What tough new data protection rules mean for business emails

Firms will soon have to rejig how they communicate with customers.

By Eoghan Doyle Partner, Philip Lee

ONE OF THE most significant changes under EU data protection rules that come into force this year is the new standard for obtaining consent for the processing of personal data.

Most businesses that engage in email marketing with their clients or customers – also known as ‘data subjects’ – rely on their consent.

All such businesses will now have to review the consents that were obtained from customers to identify whether or not the consent meets the requirements of the General Data Protection Regulation (GDPR).

Where they do not, fresh consent must be sought in order to comply with the new regulation.

Advertisers should also be aware that under the incoming regulation, there are potential criminal sanctions for illegal direct marketing.

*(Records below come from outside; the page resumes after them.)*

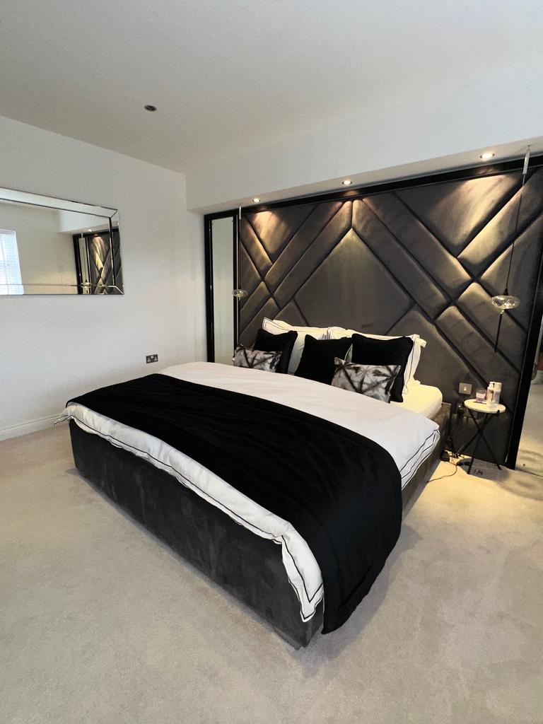 Primary bedroom equipped with a stunning floor to ceiling headboard and hidden door leading into en-suite bathroom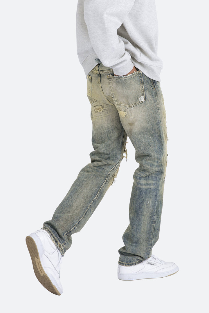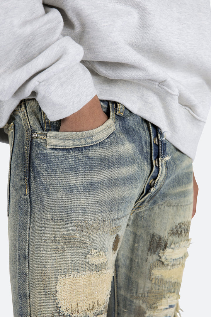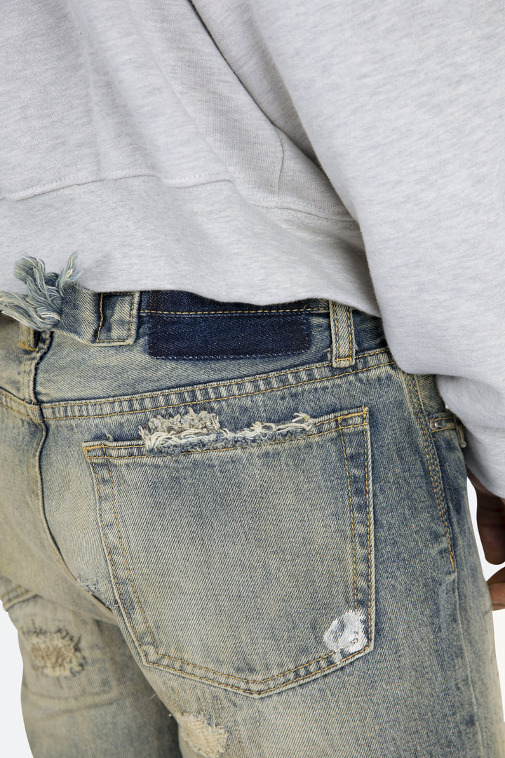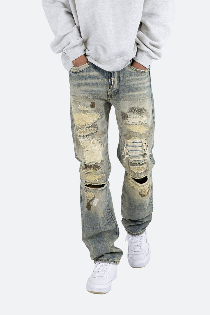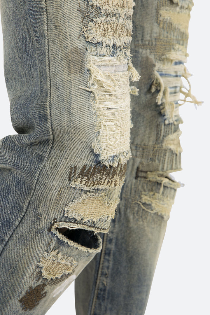 the V154 Baggy Denim is designed with our new V fit which is relaxed throughout and features a light wash, and finished with distressing and contrasting repairs throughout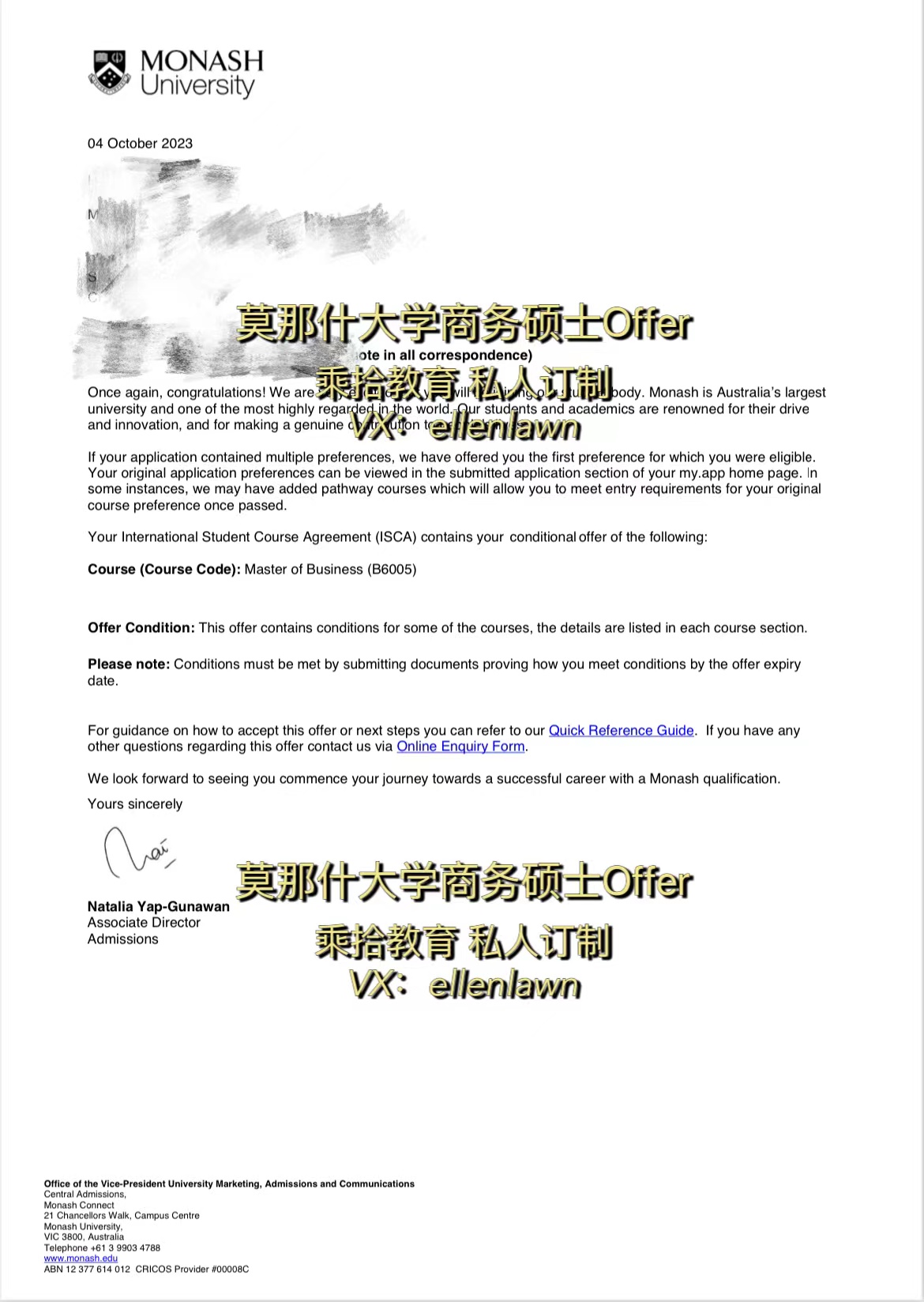 高衕學成功斬穫莫納什大學商務碩士offer!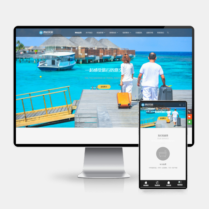 模板名:(H5自适应)酒店民宿网站pbootcms模板 客房旅馆网站源码下载

With that in mind, here are the steps email marketers should take to make sure they comply with GDPR rules that come into force in May:

1. Review your marketing lists for evidence of consent

Where you rely on consent as a basis for processing personal data, the GDPR requires you to be able to demonstrate that you have valid consent from each data subject.

The consent should include details on who consented, when, to what, how they consented and it should be checked whether they have asked that their consent be withdrawn.

Where consent was given you should examine whether the consent meets the requirements of the GDPR. In particular:

  • Did the ‘data subject’ clearly demonstrate their consent with a statement or affirmative action? Failure to untick a pre-ticked box is not affirmative action.
  • Was the consent separate from other terms and conditions? For example, you cannot make the provision of a service contingent on consent being given where email marketing is not necessary for the service being supplied.
  • Did you tell the ‘data subject’ that they have a right to withdraw their consent and tell them how to do this?
  • Did you tell them the purposes for which you would be using their information and are those purposes the same now?

2. Refresh any consents that do not comply with the GDPR

If you hold consents which comply with all the requirements of the GDPR then you may continue to process this information. However, where the consents cannot be shown to comply with the GDPR – which is probably more likely – you need to commence a re-permission exercise.

Each individual for whom you hold personal data should be contacted and asked to provide a renewed consent that will comply with the GDPR.

In order to meet the requirement of ‘informed’ consent you will have to provide a clear notice along with this request for consent which should include information on:

  • Your contact details and those of your data protection officer (if you have one);
  • Your legal basis for processing and the purposes of processing;
  • The details of any third parties who you may pass the data on to, particularly mentioning if the data will pass out of the European Economic Area (this might occur if you have a website host or backup facility outside the EEA);
  • How long you will store the data for;
  • The data subjects’ rights and how to access them including the right to withdraw consent, the right to lodge a complaint with the Data Protection Commissioner, and the existence of any automated decision-making including profiling.

This information will usually be contained in a Privacy Statement.

3. Delete any personal data where you have not received a fresh consent

Once you have given data subjects reasonable opportunity to provide or withdraw their consent, you should permanently delete the personal data of all data subjects who fail to respond or have positively said that they do not give their consent to your processing of their data.

You cannot rely on their failure to respond as an indication of their consent.

It is not enough to simply stop sending emails to the data subjects who have not given their consent. By holding their personal data on a database you are processing this data, which you cannot do without a legal basis.

4. Keep clear records and maintain and implement policies and procedures

It is very important that you are in a position to demonstrate your compliance with the GDPR. You should keep clear records of the personal data you hold and the consents that have been obtained from each data subject.

You also need to ensure that you have clear privacy policies and procedures in place to show that you process personal data in compliance with the GDPR.

Procedures should be set up to ensure that personal data is deleted when consent is withdrawn and to deal with circumstances where data subjects exercise their rights to access, portability, erasure, rectification, objection and restriction.


Whilst this may seem like a daunting task and one that might result in you losing a number of your contacts there may be some positives to the new GDPR rules.

Businesses now have an opportunity to actively re-engage those customers or clients who are interested in receiving marketing information and lose those who are not interested.

It should also result in people receiving much fewer marketing emails in general, making it more likely that they will actually look at those they do receive.

There are also benefits to holding less data as it will make complying with obligations regarding record keeping and subject access requests a simpler and shorter process.

Eoghan Doyle is a partner at legal firm Philip Lee‘s corporate and commercial department.